Receivership

What is receivership?

An administrative receiver may be appointed under the authority of a fixed charge and, if so, his authority only extends to the assets covered by the fixed charge. On the other hand, an administrative receiver may be appointed under the authority of a floating charge and, if so, his authority extends to all assets and he has the power to run the business. The directors are relieved of their powers for the duration of the receivership.

Most, but not all, administrative receivers are appointed by banks. An administrative receiver must be a Licensed Insolvency Practitioner and his first duty is to the bank (or other lender) that appointed him. His job is to safeguard the secured assets and endeavour to recover the money owing. Receivership often, but not always, leads to the company being wound up.

Would you please define an administrative receiver?

Section 29(2) of the Insolvency Act 1986 defines an administrative receiver as:

'(a) a receiver or manager of the whole (or substantially the whole) of a company's property appointed by or on behalf of the holders of any debentures of the company secured by a charge which, as created, was a Quoting charge, or by such a charge and one or more other securities; or

(b) a person who would be such a receiver or manager but for the appointment of some other person as the receiver of part of the company's property.'

What is the essential difference between administration and receivership?

Administration is for the benefit of all creditors and, if possible, the administrator must rescue the company as a going concern. Receivership is primarily for the benefit of the lender (usually a bank) that appointed the administrative receiver.

I have heard that there are more administrations and less receiverships. Why is this?
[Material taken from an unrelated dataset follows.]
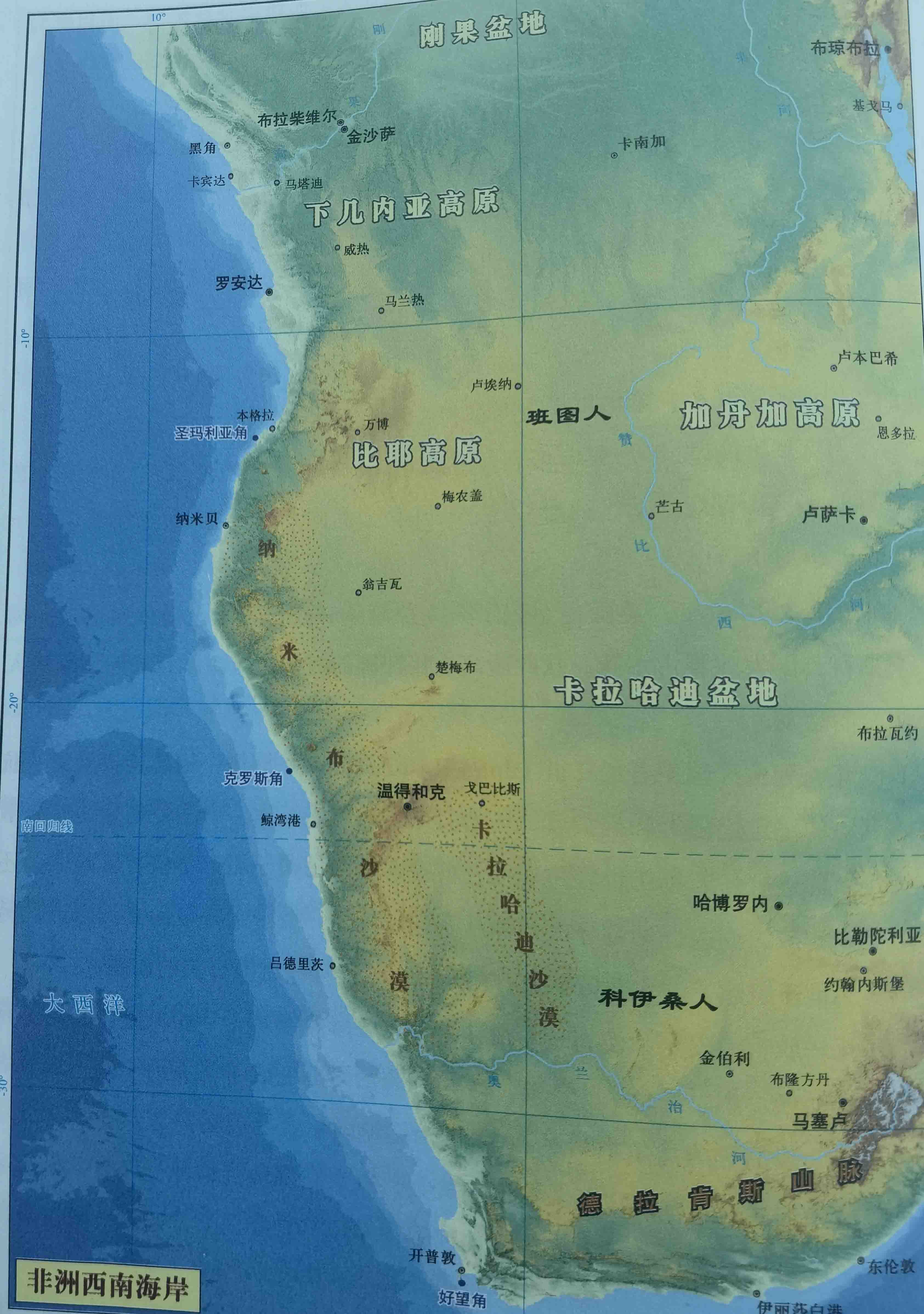 再往南,葡萄牙人惊讶地发现沿海一带出现了沙漠。这片沙漠正是纳米布沙漠,从今天的纳米贝一直到奥兰治河,南北长2100公里,东西最宽处160公里,最窄处只有10公里。它位于南回归线附近,和撒哈拉沙漠在纬度了正好南北对称。

Administration was introduced by the Insolvency Act 1986. It had some successes but it did not achieve all that had been hoped. This was partly because in many cases a receiver was appointed instead of a company going into administration. The holder of a qualifying floating charge, usually a bank, was able to pre-empt administration by appointing a receiver. The balance has been very considerably changed by the Insolvency Act 2002. With certain exceptions it is not possible to appoint a receiver under the authority of a floating charge created after 15th September 2003. It is still possible to appoint a receiver under the authority of a qualifying floating charge created prior to 15th September 2003. The balance has therefore moved decisively towards administration and away from receivership.

Winding-up. General

What are the three ways in which a company may be wound up?

The three ways are:

Members' voluntary winding-up.

Creditors' voluntary winding-up.

Winding-up by the court.

What are the stages in a winding-up?

This question could have a very long answer but the winding-up procedures can be summarised in four stages as follows:

A decision is made to wind up the company. This is made either by the members or by the court.

A liquidator, who must be a Licensed Insolvency Practitioner, is appointed. This is done either by the members or the creditors, or if there is no appointment it is the official receiver.
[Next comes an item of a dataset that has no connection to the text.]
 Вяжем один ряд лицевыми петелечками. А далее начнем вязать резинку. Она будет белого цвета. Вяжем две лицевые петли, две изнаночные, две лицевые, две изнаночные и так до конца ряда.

The liquidator realises the assets.

The liquidator pays out the money to creditors in the order of precedence fixed by law. If creditors are paid in full, any remaining funds are paid to the contributors (members).

What is the difference between a members' voluntary winding-up and a creditors' voluntary winding-up?

In both cases the decision to wind up the company is taken by the members. The difference is that in a members' voluntary winding-up the choice of liquidator is made by the members and the proceedings are under their control. In a creditors' voluntary winding up the choice of liquidator is made by the creditors and the proceedings are under their control.

It will be a members' voluntary winding-up if the directors make a declaration of solvency and file it with the Registrar of Companies. This must state that the directors are of the opinion that the company will be able to pay all creditors (plus interest at the official rate) within a year of the commencement of the winding-up. Needless to say this declaration should only be made responsibly and after making suitable enquiries.

What are acceptable reasons for a members' voluntary winding-up?

The members do not have to have an acceptable reason. The members own the company and all the creditors will be paid in full, so the members can have the company wound up when they like for whatever reason they like.

In what circumstances can a company be wound up by the court?

By far the most common reason for a company to be wound up by the court is that the court has been successfully petitioned by a creditor or judgment creditor, who is owed at least £750. However, a company may also be wound-up by the court when any of the following apply:

The members so request it by means of a special resolution.

Membership of a public company has fallen below two members.

A public company has not obtained a trading certificate within a year of registration.

A public company has not commenced trading, or has stopped trading for a year.

It is just and equitable for the company to be wound-up.

If the company is, was or should have been regulated by the Financial Services Authority and winding up is requested by the Financial Services Authority.


In what circumstances might the court decide that it is just and equitable for a company to be wound up?

The court has a great deal of discretion. Perhaps the most common reason is irreconcilable differences between the members. This can happen, for example, when there are just two members each holding exactly half the shares. They could agree to have the company wound up as a members' winding up, but if this co-operation cannot be achieved, one of them could ask the court to have the company wound up. Another example is where the company has been used for criminal purposes and winding it up is in the public interest.